How to complete this task:
In the copy, include no pictures, but reproduce every record exactly.

Supplied data:
========

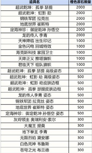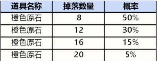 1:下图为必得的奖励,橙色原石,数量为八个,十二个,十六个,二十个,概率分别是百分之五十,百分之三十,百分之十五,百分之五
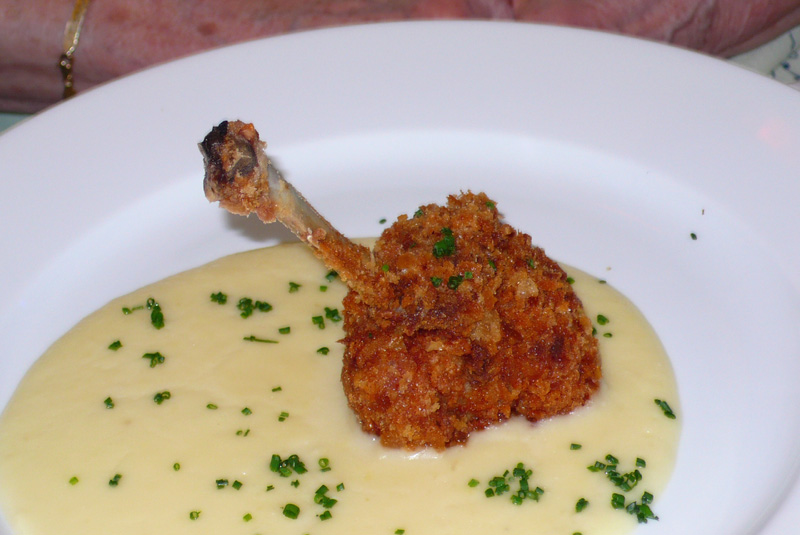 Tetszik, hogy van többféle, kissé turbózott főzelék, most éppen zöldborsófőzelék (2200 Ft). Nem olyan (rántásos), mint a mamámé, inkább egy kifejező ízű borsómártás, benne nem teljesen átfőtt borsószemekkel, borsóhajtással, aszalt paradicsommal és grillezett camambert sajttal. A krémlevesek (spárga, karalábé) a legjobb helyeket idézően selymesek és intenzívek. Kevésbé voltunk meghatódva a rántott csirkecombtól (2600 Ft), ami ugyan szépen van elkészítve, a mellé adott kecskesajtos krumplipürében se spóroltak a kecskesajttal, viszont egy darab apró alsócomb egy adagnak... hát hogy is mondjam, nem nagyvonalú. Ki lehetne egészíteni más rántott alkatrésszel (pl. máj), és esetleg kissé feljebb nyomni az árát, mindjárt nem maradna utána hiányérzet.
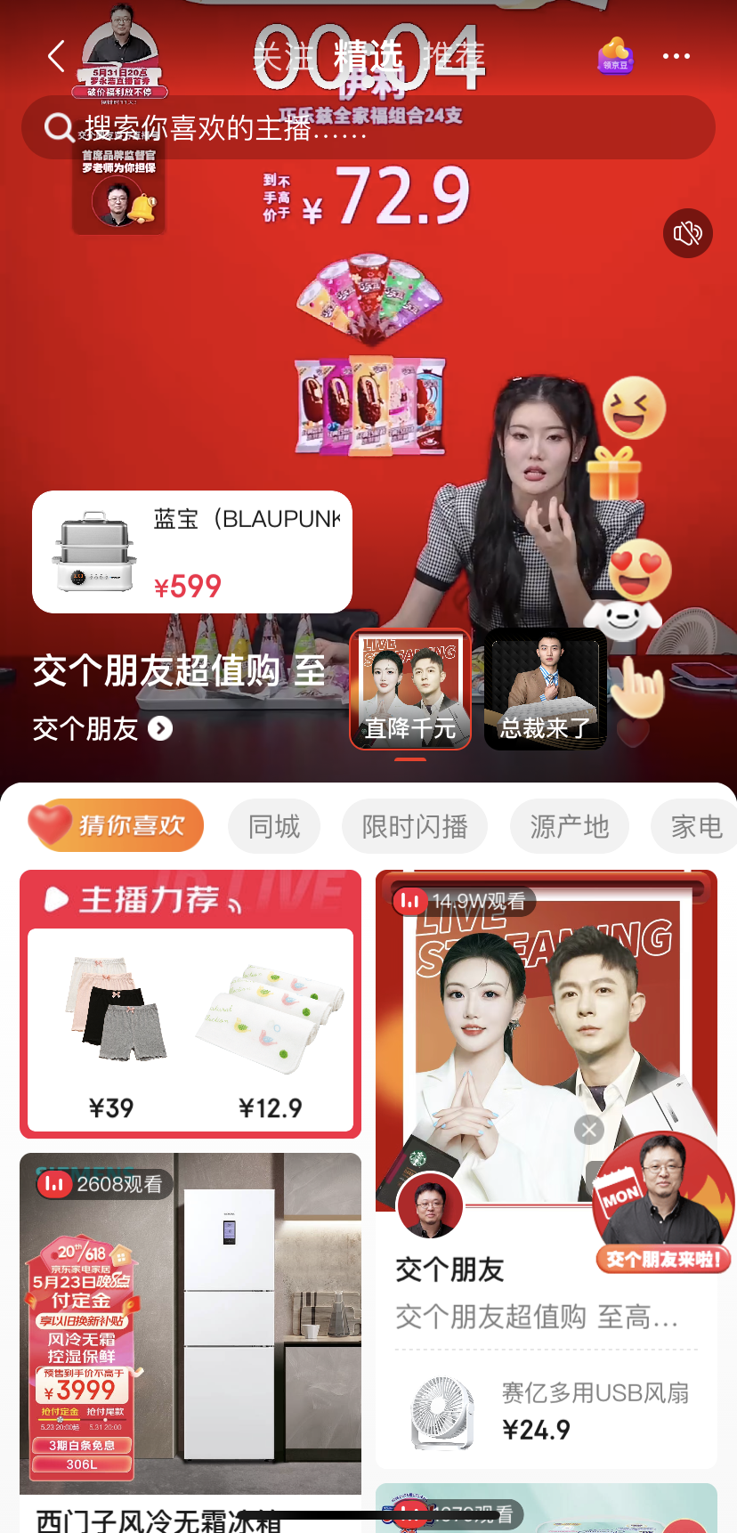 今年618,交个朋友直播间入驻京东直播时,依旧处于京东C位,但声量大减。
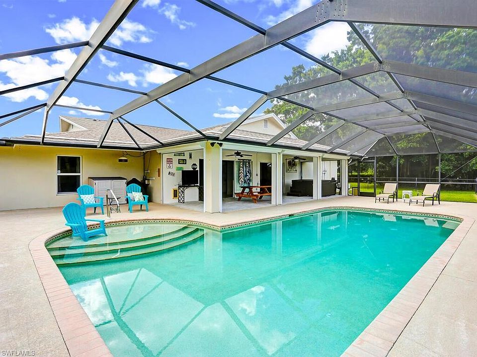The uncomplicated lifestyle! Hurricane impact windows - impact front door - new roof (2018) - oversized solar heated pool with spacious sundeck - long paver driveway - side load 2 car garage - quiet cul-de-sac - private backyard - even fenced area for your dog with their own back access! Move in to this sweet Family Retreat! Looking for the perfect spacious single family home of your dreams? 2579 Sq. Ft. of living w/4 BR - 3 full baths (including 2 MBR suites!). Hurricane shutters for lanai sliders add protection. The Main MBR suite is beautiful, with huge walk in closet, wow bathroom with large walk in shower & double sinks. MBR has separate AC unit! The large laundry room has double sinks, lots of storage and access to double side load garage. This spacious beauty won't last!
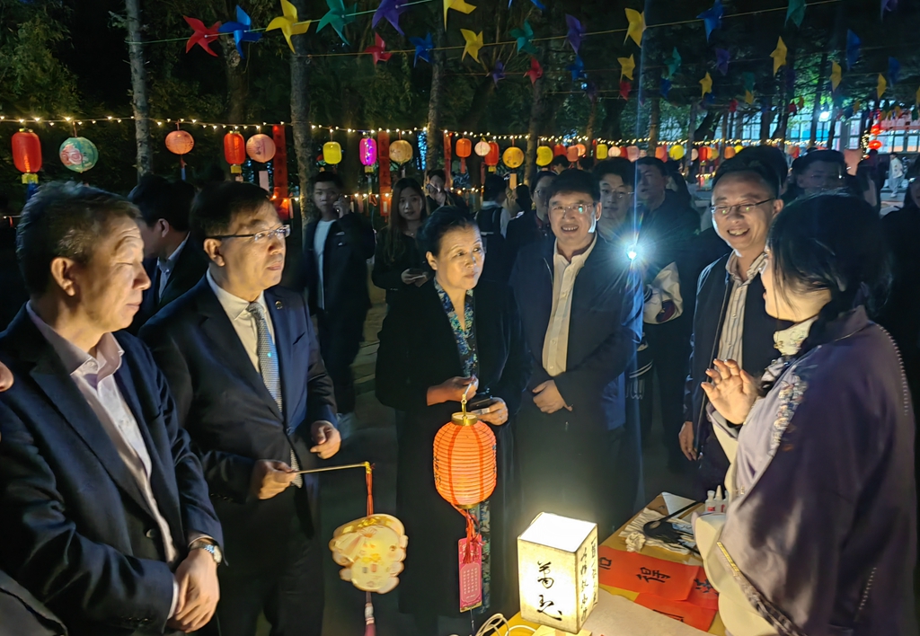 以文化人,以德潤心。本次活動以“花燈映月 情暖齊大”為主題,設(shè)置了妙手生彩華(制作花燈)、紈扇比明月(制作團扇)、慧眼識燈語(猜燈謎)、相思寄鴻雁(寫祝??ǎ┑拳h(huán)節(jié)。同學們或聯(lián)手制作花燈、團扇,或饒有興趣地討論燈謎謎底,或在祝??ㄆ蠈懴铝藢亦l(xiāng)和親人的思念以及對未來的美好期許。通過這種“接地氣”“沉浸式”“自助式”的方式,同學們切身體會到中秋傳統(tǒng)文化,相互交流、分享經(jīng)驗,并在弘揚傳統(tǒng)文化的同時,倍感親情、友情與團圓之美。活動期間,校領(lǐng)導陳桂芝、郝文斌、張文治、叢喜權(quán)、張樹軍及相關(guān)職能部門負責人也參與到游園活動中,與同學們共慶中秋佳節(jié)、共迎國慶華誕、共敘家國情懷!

========

Your solution:
 1:下图为必得的奖励,橙色原石,数量为八个,十二个,十六个,二十个,概率分别是百分之五十,百分之三十,百分之十五,百分之五
 Tetszik, hogy van többféle, kissé turbózott főzelék, most éppen zöldborsófőzelék (2200 Ft). Nem olyan (rántásos), mint a mamámé, inkább egy kifejező ízű borsómártás, benne nem teljesen átfőtt borsószemekkel, borsóhajtással, aszalt paradicsommal és grillezett camambert sajttal. A krémlevesek (spárga, karalábé) a legjobb helyeket idézően selymesek és intenzívek. Kevésbé voltunk meghatódva a rántott csirkecombtól (2600 Ft), ami ugyan szépen van elkészítve, a mellé adott kecskesajtos krumplipürében se spóroltak a kecskesajttal, viszont egy darab apró alsócomb egy adagnak... hát hogy is mondjam, nem nagyvonalú. Ki lehetne egészíteni más rántott alkatrésszel (pl. máj), és esetleg kissé feljebb nyomni az árát, mindjárt nem maradna utána hiányérzet.
 今年618,交个朋友直播间入驻京东直播时,依旧处于京东C位,但声量大减。
The uncomplicated lifestyle! Hurricane impact windows - impact front door - new roof (2018) - oversized solar heated pool with spacious sundeck - long paver driveway - side load 2 car garage - quiet cul-de-sac - private backyard - even fenced area for your dog with their own back access! Move in to this sweet Family Retreat! Looking for the perfect spacious single family home of your dreams? 2579 Sq. Ft. of living w/4 BR - 3 full baths (including 2 MBR suites!). Hurricane shutters for lanai sliders add protection. The Main MBR suite is beautiful, with huge walk in closet, wow bathroom with large walk in shower & double sinks. MBR has separate AC unit! The large laundry room has double sinks, lots of storage and access to double side load garage. This spacious beauty won't last!
 以文化人,以德潤心。本次活動以“花燈映月 情暖齊大”為主題,設(shè)置了妙手生彩華(制作花燈)、紈扇比明月(制作團扇)、慧眼識燈語(猜燈謎)、相思寄鴻雁(寫祝??ǎ┑拳h(huán)節(jié)。同學們或聯(lián)手制作花燈、團扇,或饒有興趣地討論燈謎謎底,或在祝??ㄆ蠈懴铝藢亦l(xiāng)和親人的思念以及對未來的美好期許。通過這種“接地氣”“沉浸式”“自助式”的方式,同學們切身體會到中秋傳統(tǒng)文化,相互交流、分享經(jīng)驗,并在弘揚傳統(tǒng)文化的同時,倍感親情、友情與團圓之美。活動期間,校領(lǐng)導陳桂芝、郝文斌、張文治、叢喜權(quán)、張樹軍及相關(guān)職能部門負責人也參與到游園活動中,與同學們共慶中秋佳節(jié)、共迎國慶華誕、共敘家國情懷!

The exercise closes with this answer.